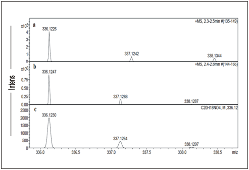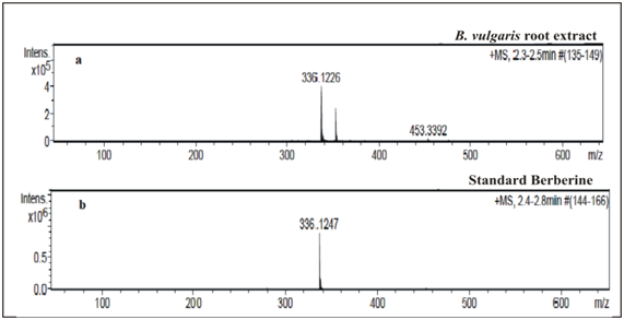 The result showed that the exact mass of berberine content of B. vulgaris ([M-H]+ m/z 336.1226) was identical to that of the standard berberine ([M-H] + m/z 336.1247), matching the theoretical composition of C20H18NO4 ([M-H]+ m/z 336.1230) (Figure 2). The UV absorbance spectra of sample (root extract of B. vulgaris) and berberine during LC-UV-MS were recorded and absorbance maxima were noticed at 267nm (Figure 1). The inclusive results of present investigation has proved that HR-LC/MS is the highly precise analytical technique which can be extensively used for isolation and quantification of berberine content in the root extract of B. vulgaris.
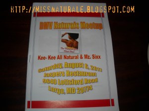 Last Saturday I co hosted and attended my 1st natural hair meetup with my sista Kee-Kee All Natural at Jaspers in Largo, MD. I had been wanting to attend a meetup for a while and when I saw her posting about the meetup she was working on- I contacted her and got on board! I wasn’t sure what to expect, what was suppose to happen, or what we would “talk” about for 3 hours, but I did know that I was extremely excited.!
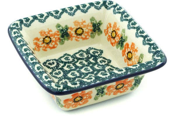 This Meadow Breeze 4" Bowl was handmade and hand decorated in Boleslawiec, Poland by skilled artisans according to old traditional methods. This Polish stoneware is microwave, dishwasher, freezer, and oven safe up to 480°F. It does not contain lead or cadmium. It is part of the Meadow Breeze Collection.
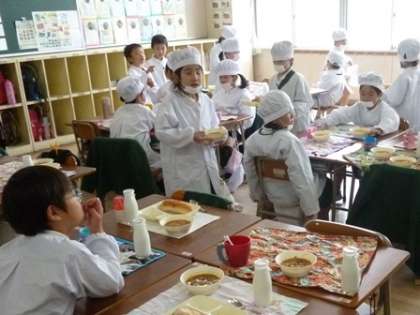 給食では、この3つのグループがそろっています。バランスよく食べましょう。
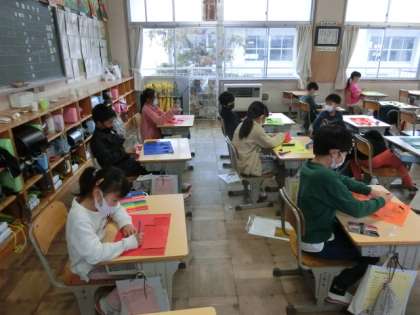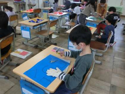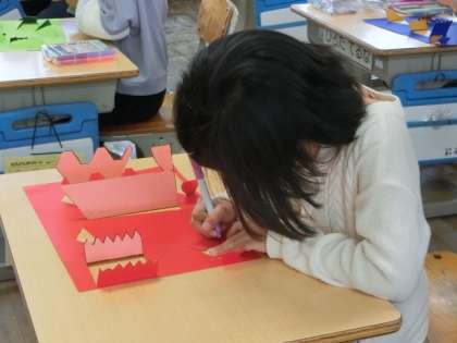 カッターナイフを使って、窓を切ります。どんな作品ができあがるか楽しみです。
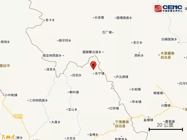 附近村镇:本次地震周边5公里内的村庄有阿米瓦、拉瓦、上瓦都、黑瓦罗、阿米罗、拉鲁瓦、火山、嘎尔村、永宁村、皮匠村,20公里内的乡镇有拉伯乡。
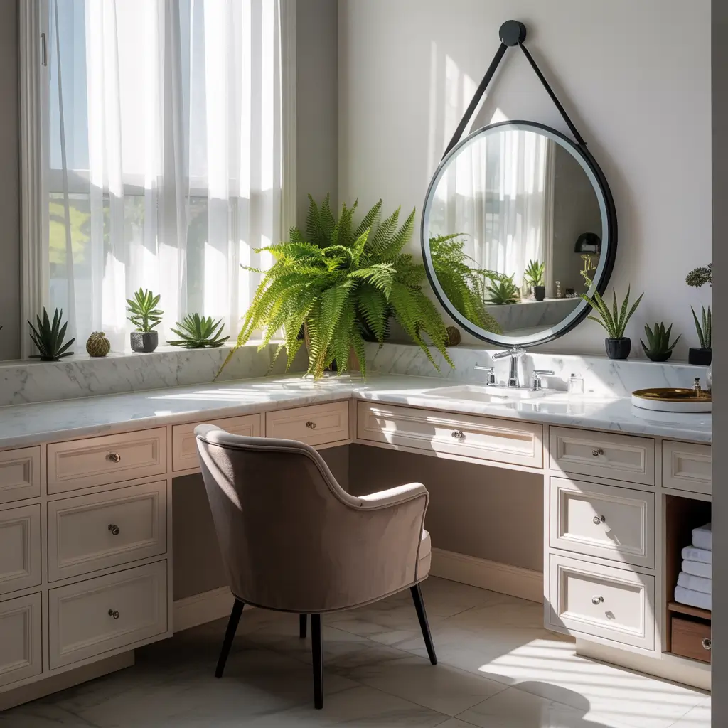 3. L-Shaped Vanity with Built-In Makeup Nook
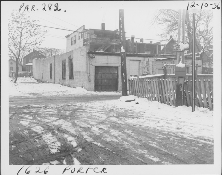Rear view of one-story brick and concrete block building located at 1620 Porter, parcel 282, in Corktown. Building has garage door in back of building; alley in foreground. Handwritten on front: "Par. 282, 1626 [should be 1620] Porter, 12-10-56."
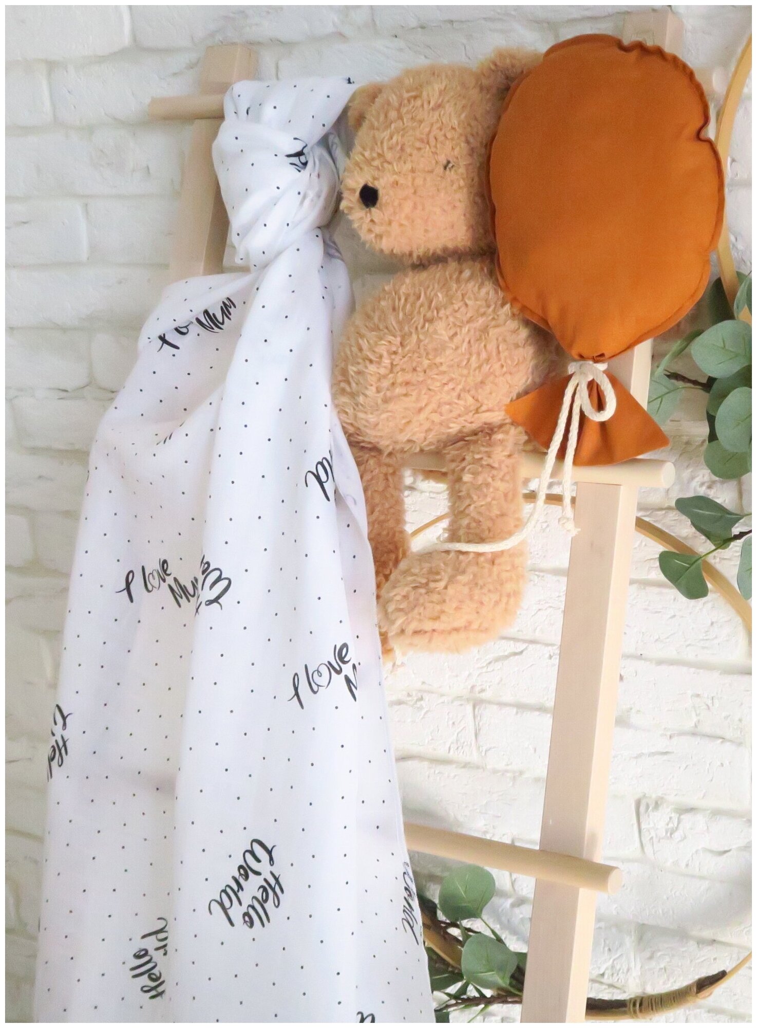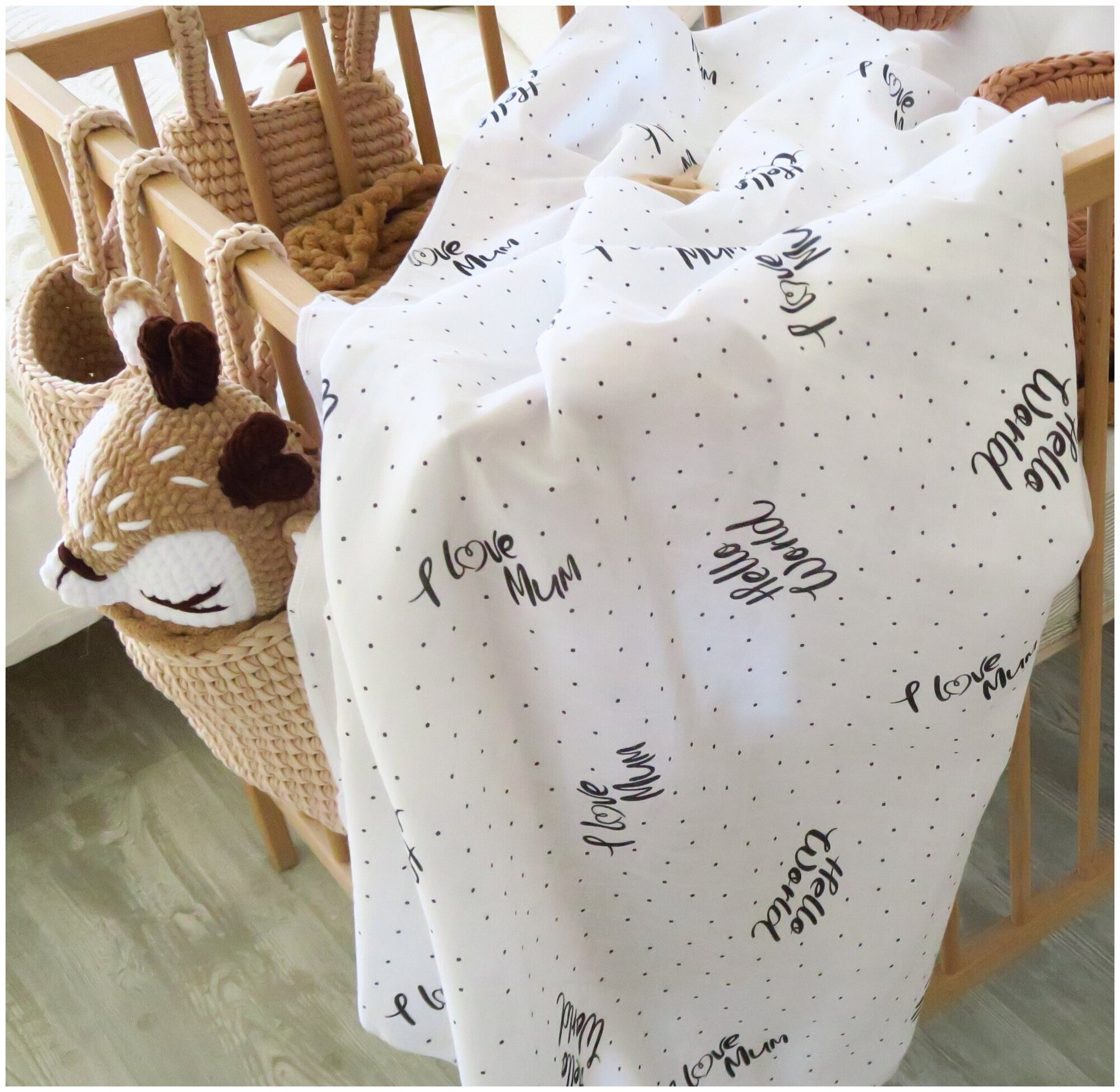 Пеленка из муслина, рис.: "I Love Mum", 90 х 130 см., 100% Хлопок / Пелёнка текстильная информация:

◆ **Exercise prompt**:
Reproduce the records above exactly, but only from the line with "Last Saturday I" up to and including the line with "附近村镇:本次地震周边5公里". Leave the pictures out.

◆ **Solution to the problem**:
 Last Saturday I co hosted and attended my 1st natural hair meetup with my sista Kee-Kee All Natural at Jaspers in Largo, MD. I had been wanting to attend a meetup for a while and when I saw her posting about the meetup she was working on- I contacted her and got on board! I wasn’t sure what to expect, what was suppose to happen, or what we would “talk” about for 3 hours, but I did know that I was extremely excited.!
 This Meadow Breeze 4" Bowl was handmade and hand decorated in Boleslawiec, Poland by skilled artisans according to old traditional methods. This Polish stoneware is microwave, dishwasher, freezer, and oven safe up to 480°F. It does not contain lead or cadmium. It is part of the Meadow Breeze Collection.
 給食では、この3つのグループがそろっています。バランスよく食べましょう。
 カッターナイフを使って、窓を切ります。どんな作品ができあがるか楽しみです。
 附近村镇:本次地震周边5公里内的村庄有阿米瓦、拉瓦、上瓦都、黑瓦罗、阿米罗、拉鲁瓦、火山、嘎尔村、永宁村、皮匠村,20公里内的乡镇有拉伯乡。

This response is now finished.